Hi all,
I used llvm-gcc (llvm version 2.7) to transform a linux network driver program (for example: linux/drivers/net/zoro8390.c) to the IR form with the command: “llvm-gcc -D__GNUCC -E -emit-llvm -I…/…/include zorro8390.c -S” under the drivers/net directory. It didn’t give the resulting IR (i.e. zoro8390.s) and it printed out a modified program, which it looked like the definitions for functions, macros and other stuff from other files are all added or expanded for my target program. How could I get the desired IR for the driver? Thank you very much!
Regards,
Daniel
迪 wrote:
Hi all,
I used llvm-gcc (llvm version 2.7) to transform a linux network driver
program (for example: linux/drivers/net/zoro8390.c) to the IR form with
the command: "llvm-gcc -D__GNUCC -E -emit-llvm -I../../include
zorro8390.c -S" under the drivers/net directory. It didn't give the
resulting IR (i.e. zoro8390.s) and it printed out a modified program,
which it looked like the definitions for functions, macros and other
stuff from other files are all added or expanded for my target program.
That's what the -E flag does. It preprocesses the file.
How could I get the desired IR for the driver? Thank you very much!
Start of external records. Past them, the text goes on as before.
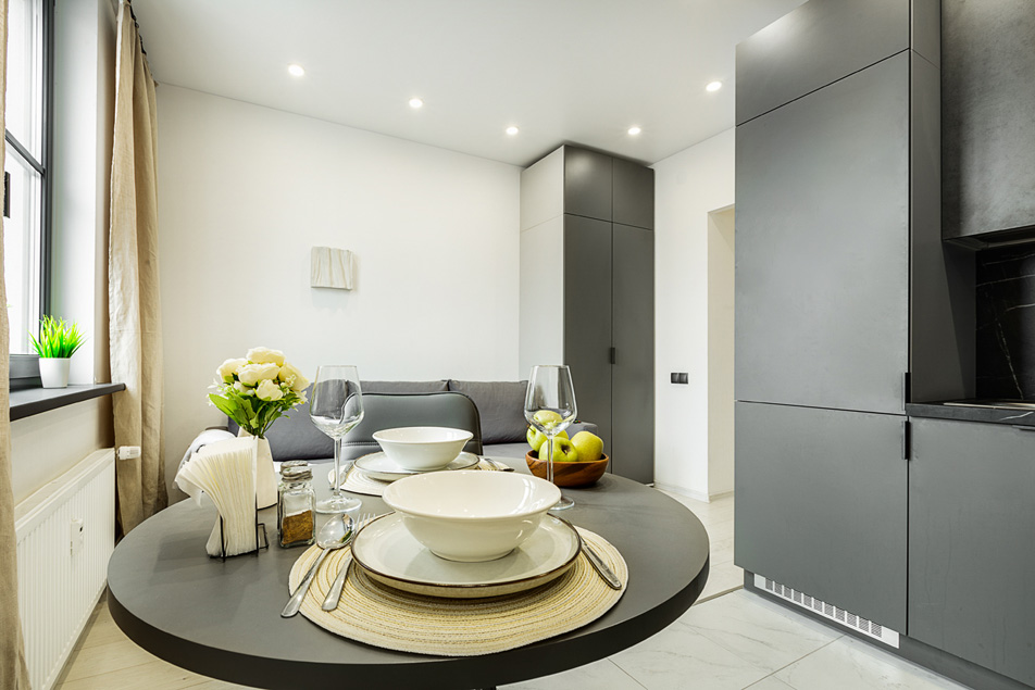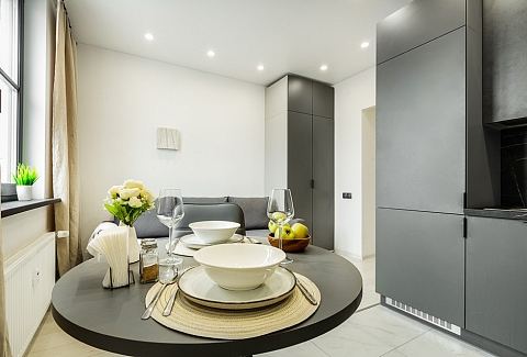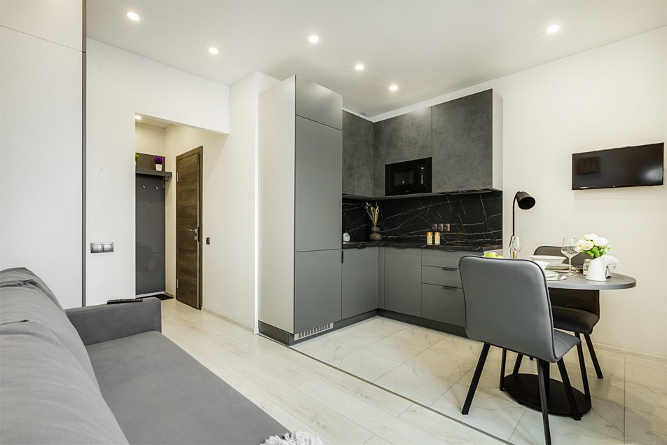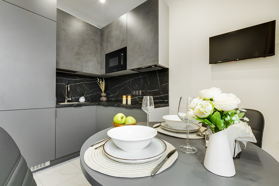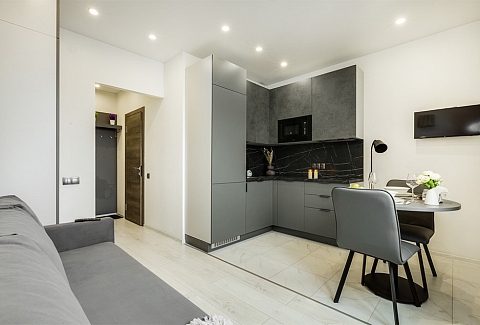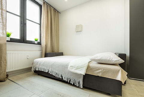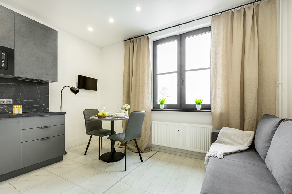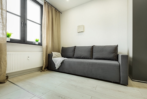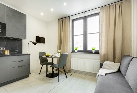 В номере: вешалка, диван раскладной, зеркало, стол, стулья, шкаф, микроволновая печь, набор посуды, плита электрическая, стиральная машина, телевизор, холодильник, электрочайник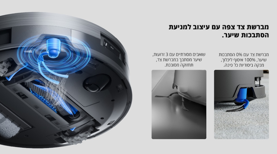 מערכת AIVI 3D 3.0: לא רק עוקפת מכשולים אלא מנקה סביבם בצורה חכמה ויסודית; מתמודדת ומסתדרת גם U עם רגלי רהיטים בצורת עם כבלים וחפצים מורכבים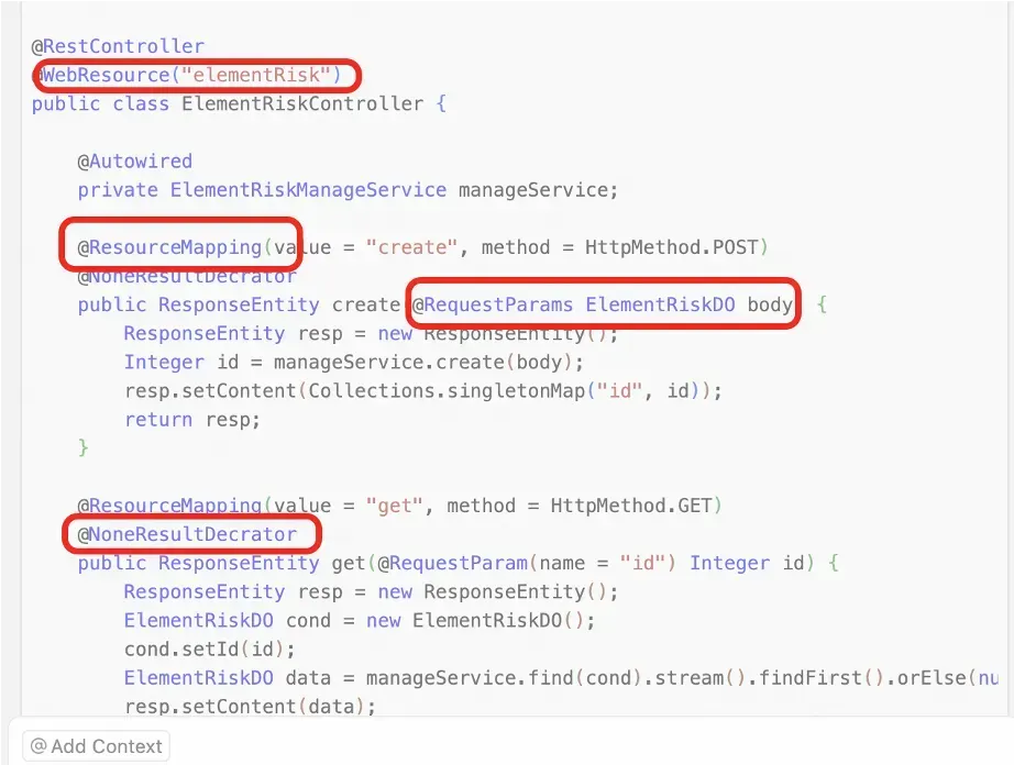 - 除此之外,Cursor还识别到了项目中经常使用@NoneResultDecrator这个注解,该注解是项目自定义的,用来告诉webx不要在返回结果外部再套一层json对象,直接返回方法返回的内容;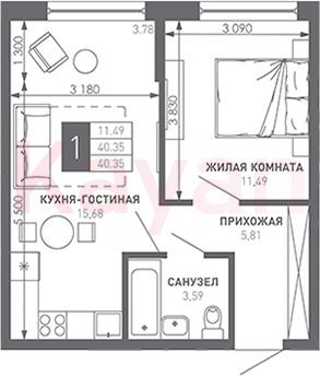 Продажа 1-комн. квартиры, 40.35 кв.м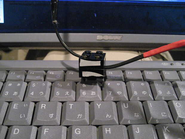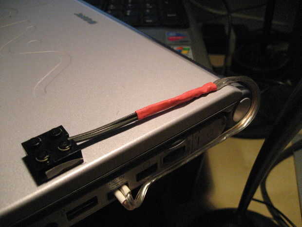 Si todo funciona, utilice pegamento CA para dirigir el cable externo y colocar el extremo del ordenador portátil del conector donde usted lo desee.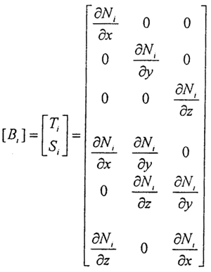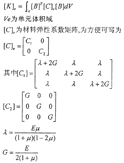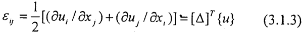[△]为(3.1.3)中微分算子组成的矩阵,[B]为应变、位移关系矩阵,由总位能原理得: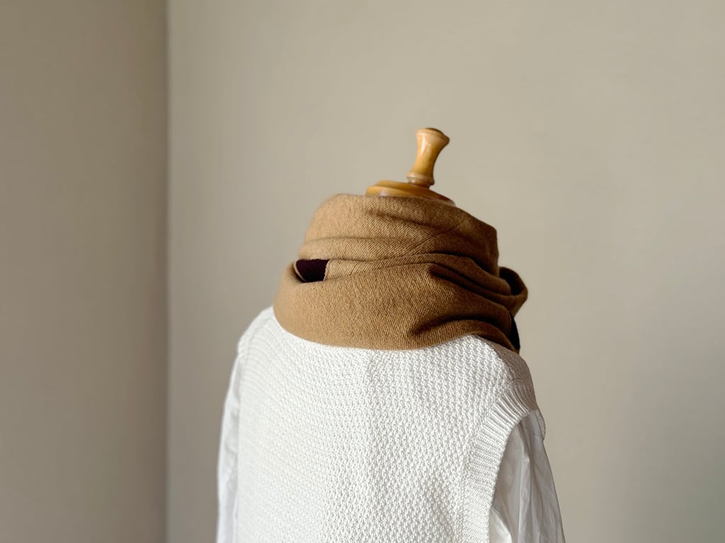 温度を纏う。ねじりリバーシブルスヌード [ MIZUTAMA ] キャメル/ボルドー玉/グレープ玉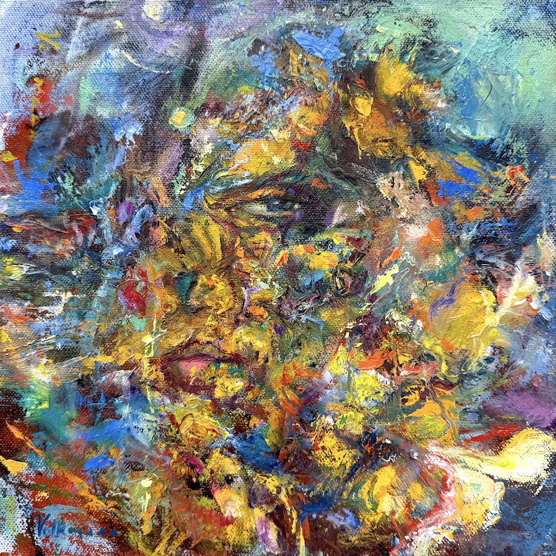 ©Judy Volkmann, Metamorphosis #2, 2026, oil on canvas, 8 x 8 x 1.5 in, $350 Available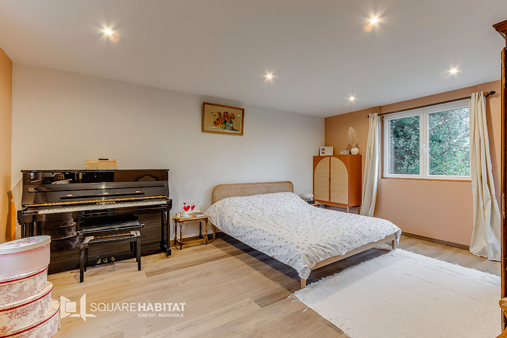 Elle dispose de 3 chambres dont une de 21 m², d'une salle de bain, au rez-de-chaussée.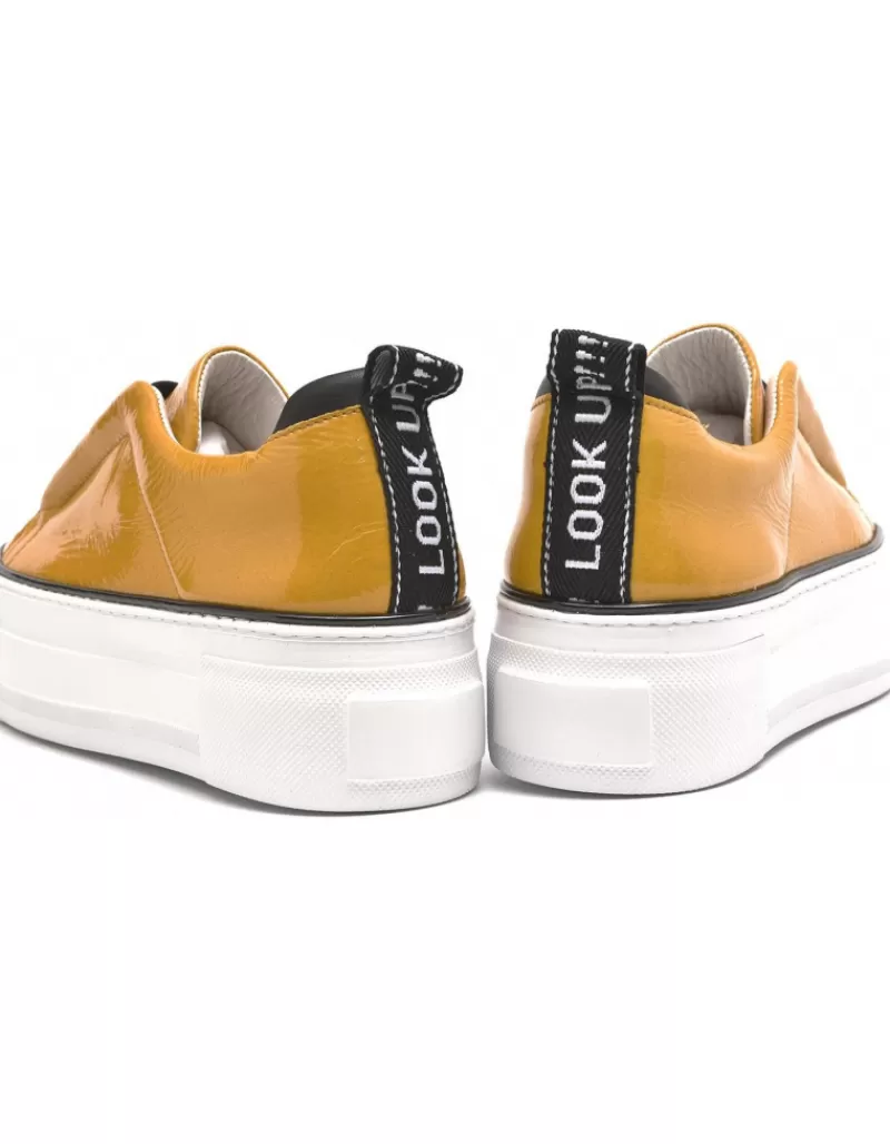 Sneaker Casual Para Mujer Alpe First, Fabricado En Piel (Piel) De Color Mostaza Sin Tacon, Suela Pu Y Puntera Redonda, Sin Cierre.
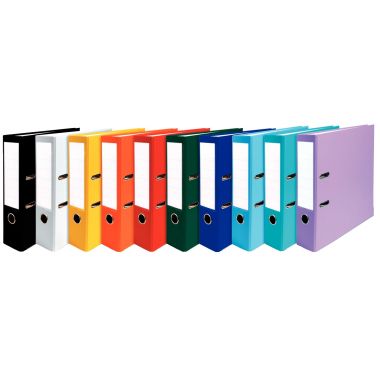 Classeur en carton épais recouvert de polypropylène (plat et dos), intérieur papier. OEillet de préhension et renforts métalliques à la base du classeur pour éviter une usure prématurée en position verticale. Grand porte-étiquette et étiquette utilisable recto/verso. Format extérieur 32 x 29 cm.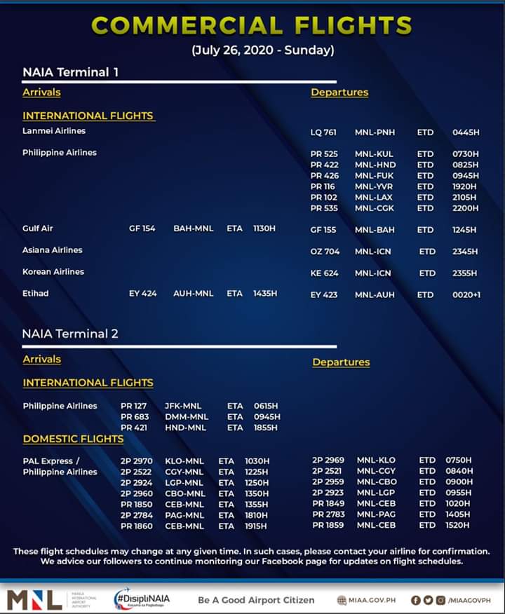 (Eagle News)βThe Manila International Airport Authority has released its list of operational commercial flights for Sunday, July 26: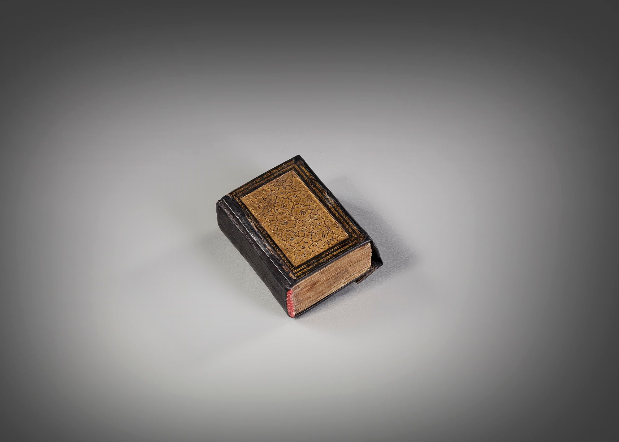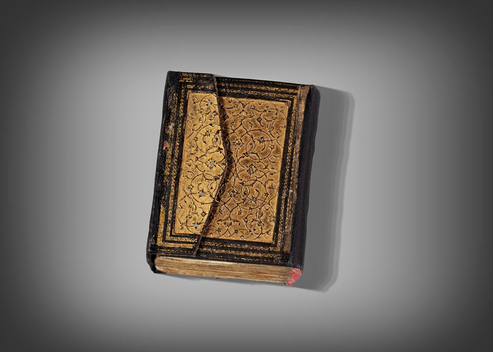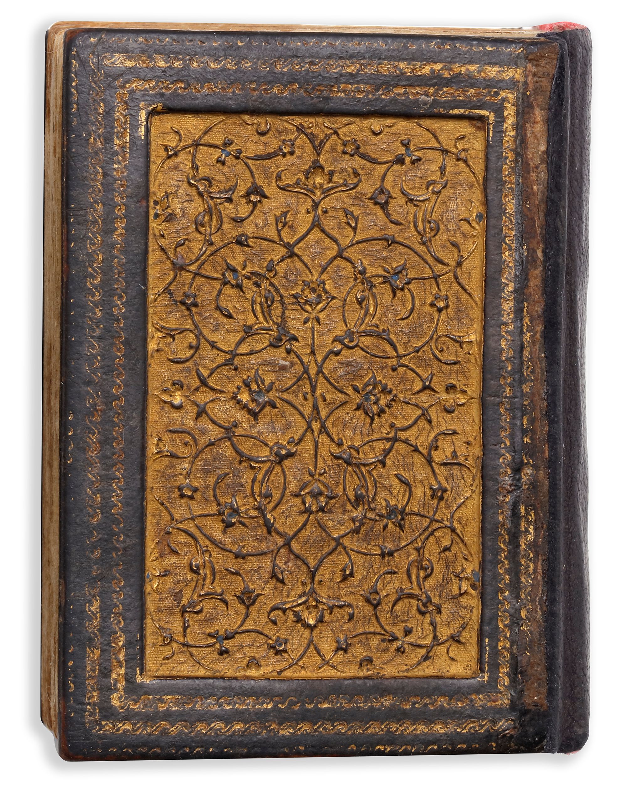 In brown morocco binding with flap decorated with gilt floral motifs.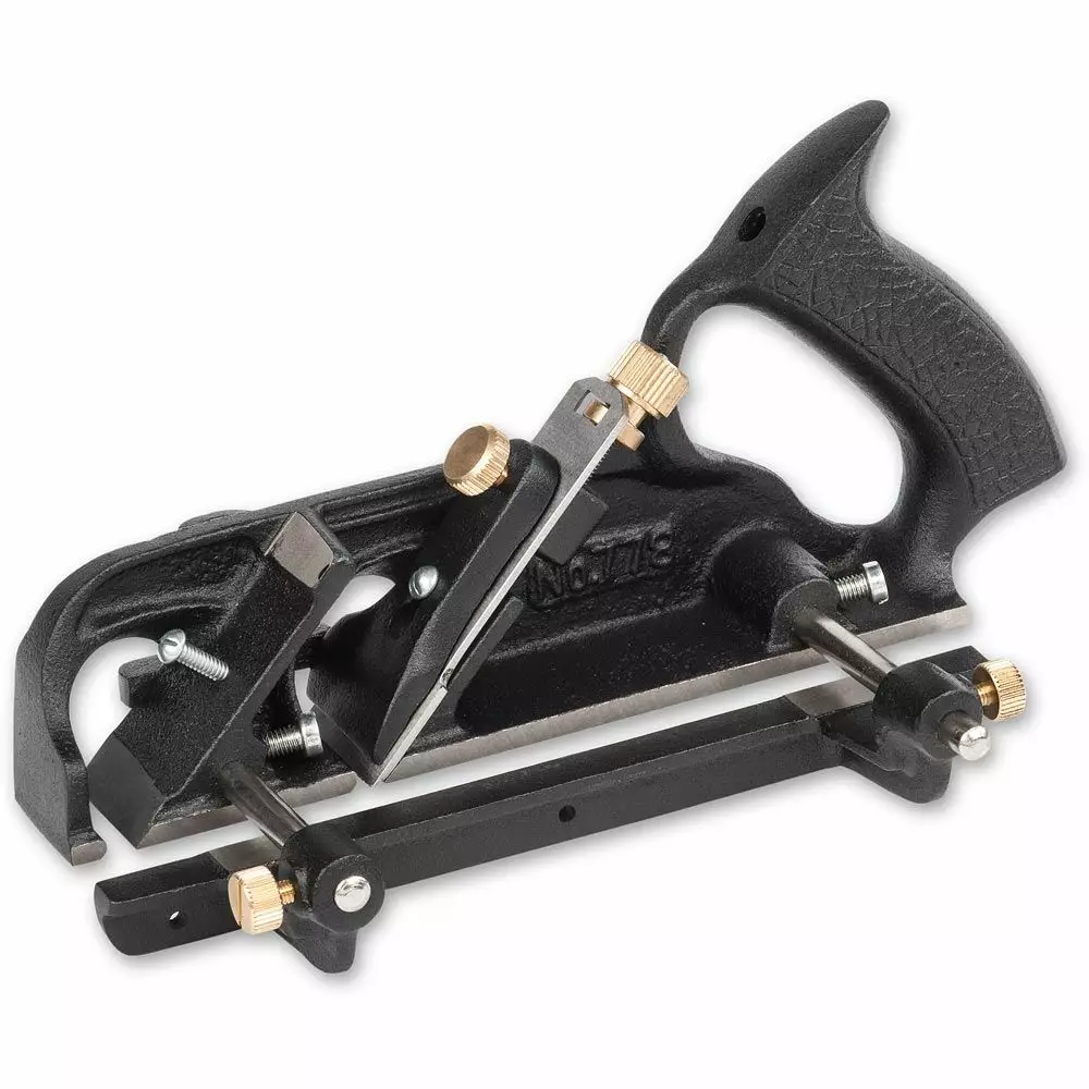 Höylässä on laadukas valurautarunko tarkasti hiotulla pohjalla. Täysleveää terää voidaan käyttää kahdessa asennossa; normaali tai etuasento puskuunhöyläyksiä varten. Leikkaussyvyys säädetään kierteitetyllä mikrosäätimellä. Leikkuuterä poikkisyin työstämistä varten ja syvyysrajoitin täydentävät höylän.

You have the two other flags that matter, -S and -emit-llvm. Try removing -E and see whether that works.
Nick
added or expanded for my target program. How could I get the desired IR for
the driver? Thank you very much!
Remove the -E cmdline option
Thank you very much for both of you! I tried to compile the program without the -E and then I got lots of compile errors of missing headers and definitions. I’m trying to eliminate them now.